Onwards and Upwards…..in Old Dubai.

There can be few more iconic and instantly recognisable buildings in the world than the Burj Al Arab in Dubai:

(photo: Joi Ito)

A global hub with a futuristic cityscape:

(image: www.flight2dubai.com)

This fantastical city that has risen up so meteorically out of a barren wasteland is very different to the Dubai I once knew:

Back then it was just a small bustling sea port with a reputation for gold smuggling. It had a tiny population and was a relatively unimportant (but strategically necessary) outpost to the  British interest in the area. It was place the world seemed to have forgotten, struggling for survival the on the edge of a vast empty desert:

No giant high rises in glass and steel at that time and, mosque minarets aside,

with a few exceptions, the tallest buildings were the abandoned portuguese forts dotted along the coast; relics from the days of piracy and pillaging that had plagued the Gulf for centuries:

At the heart of the Dubai side of the creek stood the old Al Fahidi Fort:

Built over 180 years previously, it had only recently become a museum (in 1971) and its few cannons and ancient dhows on display, ‘moored’ alongside a wooden platform, provided a fitting backdrop for an open air production of Shakespeare’s ‘Merchant of Venice’ in its central courtyard. My role in the masked ball scene was my first of many appearances with the recently formed ‘Dubai Theatre Group’, who regularly entertained the small but enthusiastic expat. community:

and provided the inspiration for this sketch:

(‘Tarantella’, pen & ink drawing © Yvonne Ayoub)

At the approach to Deira side stood a hint of what was to come: a daringly modern new clock tower (which I believe is still there):

But mostly Dubai retained an air of a busy backwater. Having grown up in Bahrain, the way of life, the familiar sounds of the muezzin calling the faithful to prayer, the hot desert winds and the lingering smell of crude oil in the salty air were not unfamiliar to me.

In the old traditional stone houses of the wealthier merchants:

in the Bastakia area of Old Dubai side, air-conditioning was provided naturally by ancient wind towers ( ‘badgeer’)  a Persian invention. They effectively harnessed any passing sea breeze, channelling it down through the dark interiors. Water would be sprinkled on the floor beneath the towers and its evaporation, as the air was sucked back up and out, would create a cooling draught throughout the house.

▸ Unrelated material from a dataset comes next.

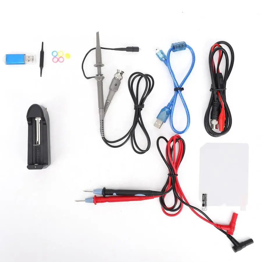 1 x осциллограф (батарея не входит в комплект) 1 x зонд 1 x линия источника сигнала 1 пара тестового свинца 1 х мини USB кабель для передачи данных Руководство пользователя на английском языке-1 шт. 1 х U диск 1 x Батарея Зарядное устройство Набор для калибровки зонда-1 шт. (инструмент для регулировки зонда-1 шт., крышка IC-1 шт., кольцо-4 шт.) 1 x Объектив пленка
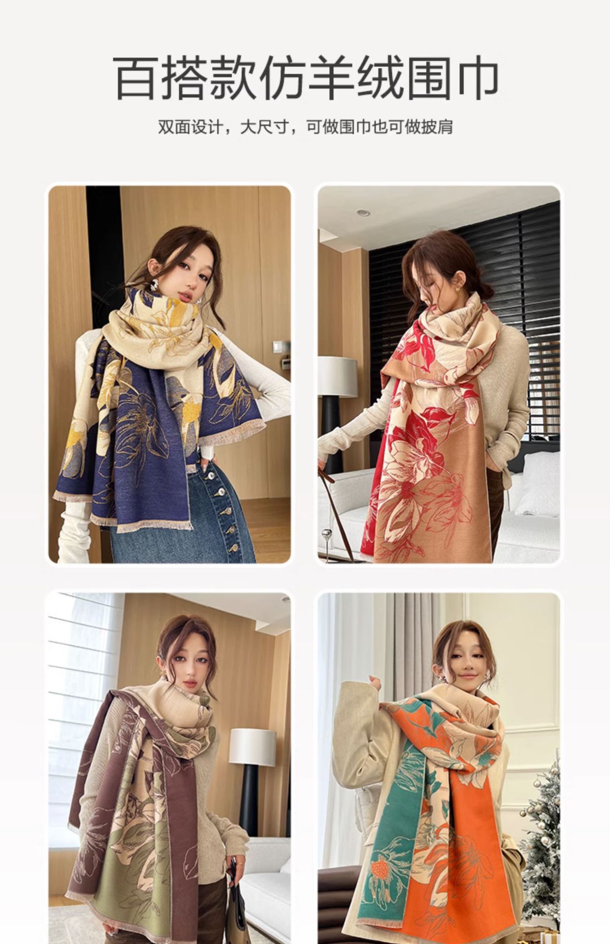 스카프 여성용 겨울 내셔널 스타일 내셔널 패션 모든 매치 두꺼운 캐시미어 에어컨 룸 숄 목 보호 스카프 외부 따뜻한 이중 사용스토어 가기

High-built ‘purdah’ walls surrounded each house, providing much-needed shade but also ensuring the privacy of those within (namely the women folk) allowing them to view the world outside, yet remain unseen:

And everywhere bare-footed children played freely in the dusty streets:

along with the freely roaming sheep and goats:

Low built villas housed much of the population but many still lived in the traditional ‘barasti’ (palm frond huts) whose high hand-woven walls, battened together, also allowed for a degree of air circulation. But, being open to the elements from above, they must have provided little respite from the scorching desert heat, high humidity and temperatures that regularly soared well over 40 degrees. Huddled together for shade they were little more than shanty towns devoid of basic utilities – and quite a fire hazard! Once connected to mains electricity, a network of overhead cables appeared, providing power for electric light and air-conditioners and a sea of TV aerials suddenly protruded skywards above them.  it wasn’t uncommon to see a few smart Mercedes’ and Datsun trucks parked outside too – along with the tethered camels!.

(drawing by Lee Steen)

This was a world that was about to change – radically.  Independence and the discovery of Gulf oil would propel the Emiratis from a humble, harsh existence steeped in time- honoured Bedouin tradition (in one of the most barren and inhospitable places on earth) to the very forefront of the 21st century, bringing with it the excesses of consumerism, capitalism, modern technology and unimaginable luxury. From a single seed to a world-class thriving metropolis – and all within just a few decades!

When I arrived to join my family who had settled there, The U.A.E was barely a year old.

HRH Sheikh Sultan bin Mohammed Al-Qasimi III, Ruler of Sharjah

(with my brother and father far right)

Each state had its strong ruler and a proud, clearly defined tribal identity – and although now ‘united’ they were still fiercely competitive with one another! Perhaps they are still….When Dubai constructed its first state-of-the-art international airport, Sharjah, only a few miles away and not to be outdone,  promptly built one of its own!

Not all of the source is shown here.